A Larger Team of Fighters

The Mosiers and Carrs aren’t the only families involved in this project.

The Michael Mosier Defeat DIPG Foundation has a network with three others families: Amanda and Brandon Huffman (Avery Huffman — Avery Huffman Defeat DIPG Foundation), Alexis and Peter Olympia (Connor Olympia – Connor Man Defeat DIPG Foundation), and Katie Gaskin (Anthony Pappalas – Anthony’s Avengers Defeat DIPG Foundation.

The ChadTough Foundation also has a partner family, Tom and Amanda Ruddy, who lost their son, Tommy.

ChadTough Defeat DIPG partnership

(L-R) Avery Huffman, Connor Olympia, Anthony Pappalas, and Tommy Ruddy.

“We really see this as not just the Carrs and Mosiers, but a partnership including all six of the families working as part of our foundations,” said Mark. “We think very highly of the Ruddys and look forward to working in partnership with them as well.”

“It’s great to have so many families coming together,” added Jason. “We are stronger as a unit and we each have a network of support, which helps in spreading awareness.”

Funding DIPG Projects

This month, the Mosiers and Carrs spoke with the Defeat DIPG Scientific Advisory Council regarding grant applications to be funded in 2018. Once details are finalized, the foundations expect to make a joint announcement in mid-December, detailing the projects to be funded.

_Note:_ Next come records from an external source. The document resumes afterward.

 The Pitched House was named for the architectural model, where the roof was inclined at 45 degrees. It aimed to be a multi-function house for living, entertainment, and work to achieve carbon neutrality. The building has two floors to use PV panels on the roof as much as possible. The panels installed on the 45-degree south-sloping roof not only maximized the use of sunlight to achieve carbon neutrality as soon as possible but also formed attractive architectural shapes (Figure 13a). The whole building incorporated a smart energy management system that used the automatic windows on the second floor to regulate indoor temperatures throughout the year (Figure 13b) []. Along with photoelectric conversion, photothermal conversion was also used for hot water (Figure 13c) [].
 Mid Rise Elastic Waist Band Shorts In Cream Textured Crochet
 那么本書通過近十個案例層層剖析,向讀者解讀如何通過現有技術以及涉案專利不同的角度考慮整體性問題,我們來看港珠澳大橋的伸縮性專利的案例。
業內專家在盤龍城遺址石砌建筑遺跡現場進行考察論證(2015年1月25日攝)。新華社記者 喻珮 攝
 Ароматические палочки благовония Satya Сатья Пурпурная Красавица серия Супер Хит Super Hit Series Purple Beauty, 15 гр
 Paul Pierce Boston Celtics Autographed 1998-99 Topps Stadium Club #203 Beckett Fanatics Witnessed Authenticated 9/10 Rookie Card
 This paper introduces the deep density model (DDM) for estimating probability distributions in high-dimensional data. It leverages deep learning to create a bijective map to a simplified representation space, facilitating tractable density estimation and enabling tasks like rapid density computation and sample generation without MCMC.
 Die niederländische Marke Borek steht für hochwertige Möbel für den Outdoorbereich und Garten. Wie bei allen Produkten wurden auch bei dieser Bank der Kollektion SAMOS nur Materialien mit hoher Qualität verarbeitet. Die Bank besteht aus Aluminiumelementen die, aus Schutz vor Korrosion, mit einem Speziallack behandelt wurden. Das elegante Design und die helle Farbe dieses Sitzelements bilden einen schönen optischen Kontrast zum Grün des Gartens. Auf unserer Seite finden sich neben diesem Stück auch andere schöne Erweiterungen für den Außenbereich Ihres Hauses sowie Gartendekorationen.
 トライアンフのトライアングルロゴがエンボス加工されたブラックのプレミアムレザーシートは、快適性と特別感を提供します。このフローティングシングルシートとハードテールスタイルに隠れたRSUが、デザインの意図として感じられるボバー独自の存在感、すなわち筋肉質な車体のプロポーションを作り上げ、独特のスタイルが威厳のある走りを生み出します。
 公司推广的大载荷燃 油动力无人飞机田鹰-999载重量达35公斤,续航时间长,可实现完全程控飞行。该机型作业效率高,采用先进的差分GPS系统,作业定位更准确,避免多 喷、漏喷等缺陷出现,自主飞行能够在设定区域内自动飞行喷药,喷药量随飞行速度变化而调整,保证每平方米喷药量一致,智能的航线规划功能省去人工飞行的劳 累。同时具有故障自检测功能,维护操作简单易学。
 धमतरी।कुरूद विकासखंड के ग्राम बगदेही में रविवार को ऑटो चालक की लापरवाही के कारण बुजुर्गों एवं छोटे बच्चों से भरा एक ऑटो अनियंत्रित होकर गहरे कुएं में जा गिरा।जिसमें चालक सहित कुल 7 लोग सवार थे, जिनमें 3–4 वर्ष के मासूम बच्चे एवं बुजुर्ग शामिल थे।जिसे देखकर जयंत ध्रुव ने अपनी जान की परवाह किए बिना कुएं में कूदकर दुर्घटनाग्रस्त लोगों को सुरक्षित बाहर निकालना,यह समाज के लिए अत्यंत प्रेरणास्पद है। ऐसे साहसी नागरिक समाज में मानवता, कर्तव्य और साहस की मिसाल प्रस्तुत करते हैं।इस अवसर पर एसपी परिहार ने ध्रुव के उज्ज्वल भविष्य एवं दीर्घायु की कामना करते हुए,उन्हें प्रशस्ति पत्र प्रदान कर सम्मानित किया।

After all of the hard work put into building their respective foundations, the process of funding projects that will tangibly move the needle forward for DIPG is incredibly gratifying.

“We are excited to form this partnership with the ChadTough Foundation,” said Mark.

“We are so impressed by the amazing work that Tammi and Jason are doing to bring attention to DIPG. By working together, we can make an even greater impact on advancing DIPG research and ensuring that children diagnosed with DIPG in the future will have access to the effective treatments that Michael, Chad, and all kids who faced DIPG deserved.”

Announcing the projects that will be funded is exciting and important for both families. Jason and Tammi and Mark and Jenny have seen countless supporters offer time and money to their respective causes and this feels like a gift for them.

“All of these people give so much to each of our foundations,” said Tammi.

“It is an amazing feeling to be able to show them what is being done with their donations. Pivotal research is being performed that wouldn’t have been possible without their efforts. ‘Thank you’ just isn’t enough to express how we feel.”